## Prompt
Repeat only the lines below that run from the line with "Een vrolijke uitnodiging" to the line with "The Wifo P46", ends included; skip every picture.

-- Data shown follows --

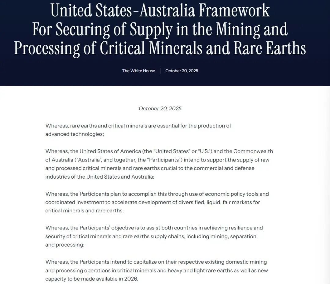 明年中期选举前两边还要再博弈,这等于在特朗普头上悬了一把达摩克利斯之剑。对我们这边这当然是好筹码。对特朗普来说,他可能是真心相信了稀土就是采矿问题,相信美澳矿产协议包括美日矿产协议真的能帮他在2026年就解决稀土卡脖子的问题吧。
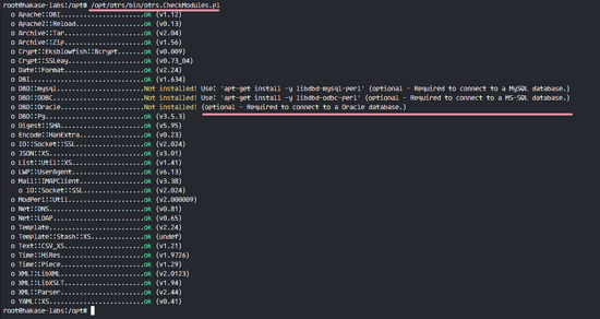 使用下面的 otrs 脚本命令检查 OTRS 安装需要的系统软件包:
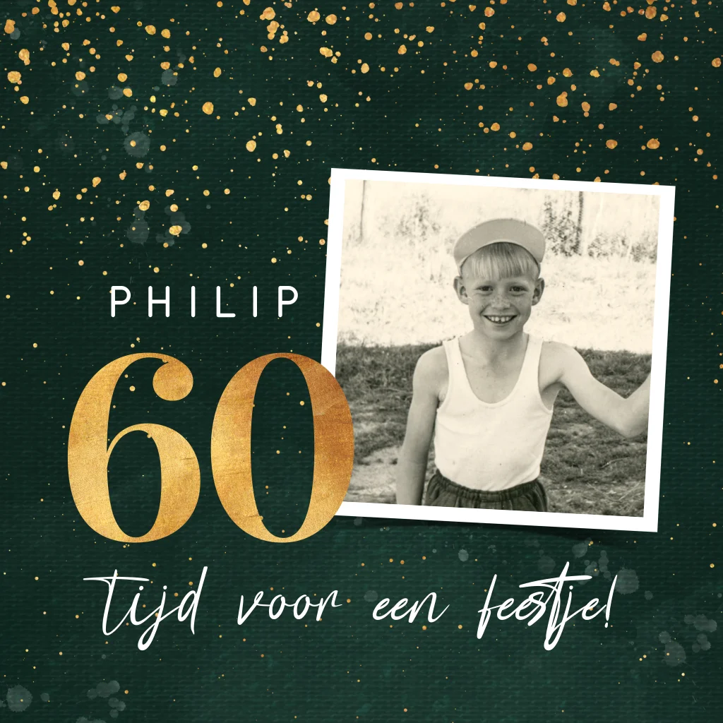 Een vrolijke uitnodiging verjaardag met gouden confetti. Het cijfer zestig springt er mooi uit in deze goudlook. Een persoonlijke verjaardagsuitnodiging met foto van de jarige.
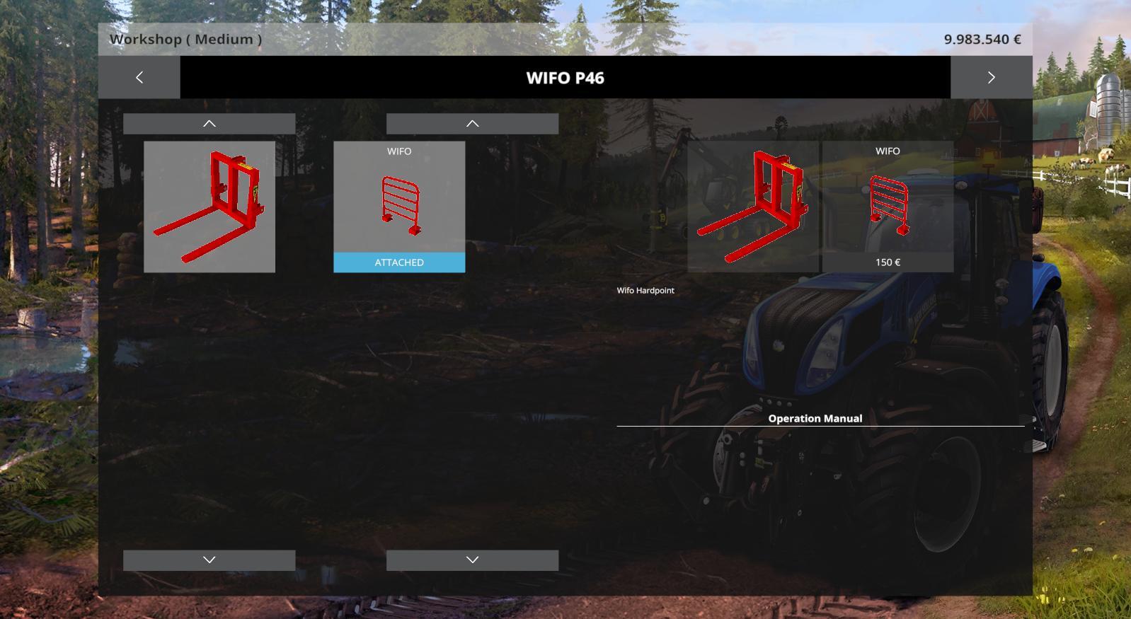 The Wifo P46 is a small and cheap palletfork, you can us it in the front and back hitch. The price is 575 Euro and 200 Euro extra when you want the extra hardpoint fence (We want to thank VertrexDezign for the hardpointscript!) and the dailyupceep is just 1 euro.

-- Data shown concluded --
-- Data shown follows --

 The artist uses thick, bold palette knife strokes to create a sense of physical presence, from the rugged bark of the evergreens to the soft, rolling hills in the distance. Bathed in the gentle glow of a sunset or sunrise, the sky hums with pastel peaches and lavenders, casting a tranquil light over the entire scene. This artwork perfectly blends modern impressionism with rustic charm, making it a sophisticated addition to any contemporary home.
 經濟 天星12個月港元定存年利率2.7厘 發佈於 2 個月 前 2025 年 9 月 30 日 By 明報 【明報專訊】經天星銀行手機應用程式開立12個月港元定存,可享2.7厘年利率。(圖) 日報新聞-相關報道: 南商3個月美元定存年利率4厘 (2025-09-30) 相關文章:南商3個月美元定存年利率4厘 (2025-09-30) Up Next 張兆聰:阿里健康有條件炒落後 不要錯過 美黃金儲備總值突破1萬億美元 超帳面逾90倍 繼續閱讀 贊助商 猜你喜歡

-- Data shown concluded --

## The answer
 Een vrolijke uitnodiging verjaardag met gouden confetti. Het cijfer zestig springt er mooi uit in deze goudlook. Een persoonlijke verjaardagsuitnodiging met foto van de jarige.
 The Wifo P46 is a small and cheap palletfork, you can us it in the front and back hitch. The price is 575 Euro and 200 Euro extra when you want the extra hardpoint fence (We want to thank VertrexDezign for the hardpointscript!) and the dailyupceep is just 1 euro.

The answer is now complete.